New trials include the 460-person CPCRA 059, which is checking the CD4 count and viral load effects of HAART regimens with or without IL-2. This one-year study may lead to a larger international clinical endpoint trial to study IL-2's effect on disease progression. That trial is still in the planning stages. The NIH Laboratory of Immunoregulation group also has a HAART plus IL-2 protocol, NIAID 99 I-032. Protocol 032 includes 200 persons from the CPCRA trial as well as 30 newly HIV-infected volunteers and another 100 volunteers with chronic infection. The trial is specifically designed to measure how well IL-2 clears out latent HIV when used in conjunction with HAART. Analyses will include quantification of competent virus, characterization of lymphocyte subsets, and assays for protective immune responses.
Persons already on IL-2 plus HAART may enter the Laboratory's treatment termination trial, NIAID 99 I-0015. To be eligible for this trial, applicants must be on HAART and have viral loads less than 500 copies/ml for at least a year and less than 50 copies for at least the past 30 days. CD4 counts must be above 350 cells/mm3. This 50-person trial has already recruited the two patients featured in Dr. Chun's Retrovirus Conference report.
The trial will follow study participants for a year, and therapy will recommence when viral loads exceed 5,000 or CD4 counts drop by 25%. A variety of immune and viral parameters will be monitored. Lymph node biopsies and lumbar punctures will check for latent HIV in lymph and central nervous system tissues.
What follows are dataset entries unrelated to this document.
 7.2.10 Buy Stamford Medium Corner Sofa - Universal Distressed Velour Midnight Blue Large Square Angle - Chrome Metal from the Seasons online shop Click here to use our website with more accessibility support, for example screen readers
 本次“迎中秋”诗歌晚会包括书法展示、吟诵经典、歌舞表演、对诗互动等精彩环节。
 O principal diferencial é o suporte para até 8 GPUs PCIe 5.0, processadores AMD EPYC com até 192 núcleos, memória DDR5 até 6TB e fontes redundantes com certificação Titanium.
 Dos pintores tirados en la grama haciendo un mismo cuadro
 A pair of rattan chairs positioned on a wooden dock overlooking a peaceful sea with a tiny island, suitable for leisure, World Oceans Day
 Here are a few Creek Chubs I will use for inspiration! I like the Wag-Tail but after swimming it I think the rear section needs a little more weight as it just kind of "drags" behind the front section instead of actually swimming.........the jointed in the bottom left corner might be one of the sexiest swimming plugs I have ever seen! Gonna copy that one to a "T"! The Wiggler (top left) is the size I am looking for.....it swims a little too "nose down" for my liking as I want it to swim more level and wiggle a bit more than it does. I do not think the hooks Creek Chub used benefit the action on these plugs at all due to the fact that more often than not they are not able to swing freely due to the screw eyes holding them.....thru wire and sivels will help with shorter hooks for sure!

This trial is sort of a shot in the dark. Rick Davey, the lead investigator, says, "The subset with an innate ability to fight off the virus may be only 5%. People with low reservoirs, such as those on IL-2, may be less likely to relapse. The point is to find what distinguishes the non-relapsers."
A treatment termination trial specifically geared around IL-2 is now recruiting at New York Hospital-Cornell Medical Center. The study is looking for ten volunteers on HAART and viral loads below 400 for at least three months. Trial participants will receive at least three months of IL-2. After these three months, they will stop all antivirals, but not the IL-2, once their CD4 count is greater than 600 cells/mm3, i.e., within the normal range. CD8 cells and NK cells (another type of virus-fighting white blood cell) are supposed to be present at elevated levels.
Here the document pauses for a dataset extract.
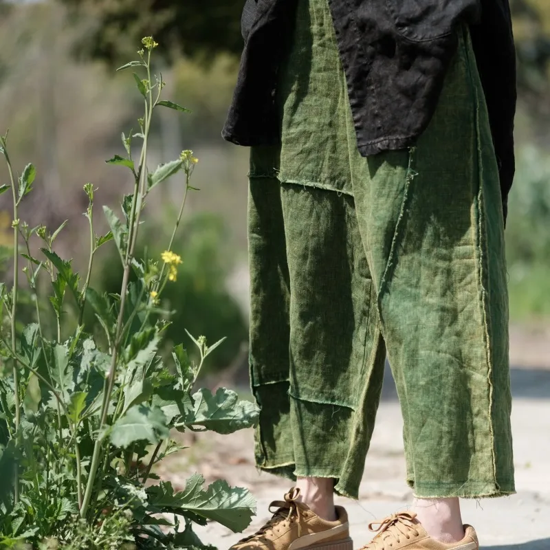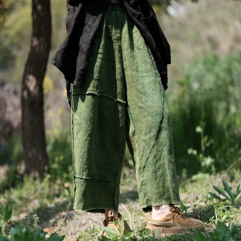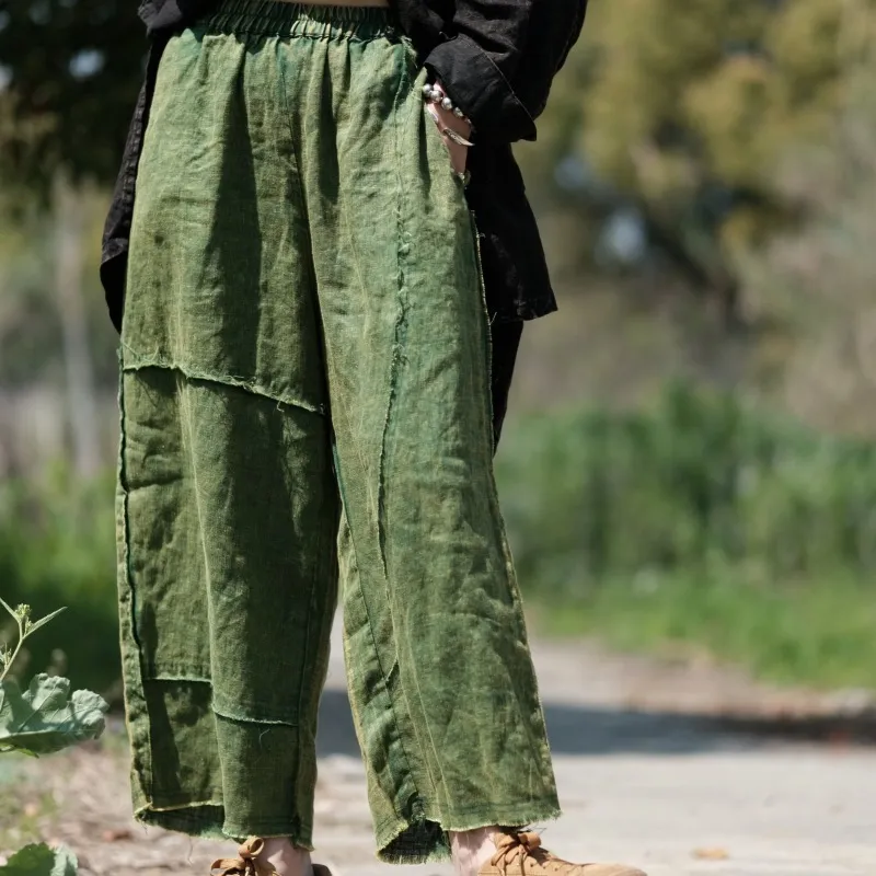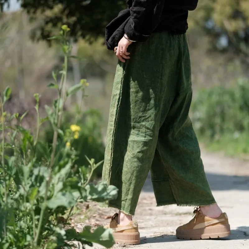 衣都精品- 2023新款做舊雪花洗純亞麻寬鬆毛邊九分褲

This study uses a different IL-2 regimen than the NIH protocols. At the NIH, patients receive up to 9 million international units twice daily for five consecutive days every eight weeks. The exact dose depends on the patients' tolerance, since IL-2 produces severe flu-like symptoms and swelling. At Cornell, the trial participants commence at a lesser dose, about 2 million international units/day, but they receive that dose every day without interruption. At Treatment Issues' press time, the first patient had gone four weeks without HIV rebound after stopping all therapy except the IL-2.
Commented Kendall Smith, M.D., the originator of the low-dose IL-2 protocol, "Low dose IL-2 seems to restore CD8 and NK activity, which maintain latency in other infections, in addition to CD4 cells. It also has low toxicity. Our approach is to hope the immune system can contain virus rather than trying to eliminate the virus with drugs."
Nonetheless Michael Giordano, M.D., who heads Cornell's AIDS clinical trials unit, warned, "People should not go on IL-2 if they are not part of clinical research or seeing one of the few experts. The pitfalls are toxicity and stimulating HIV with possible acceleration of disease progression. There is danger of massive edema, hypothyroidism and high fever."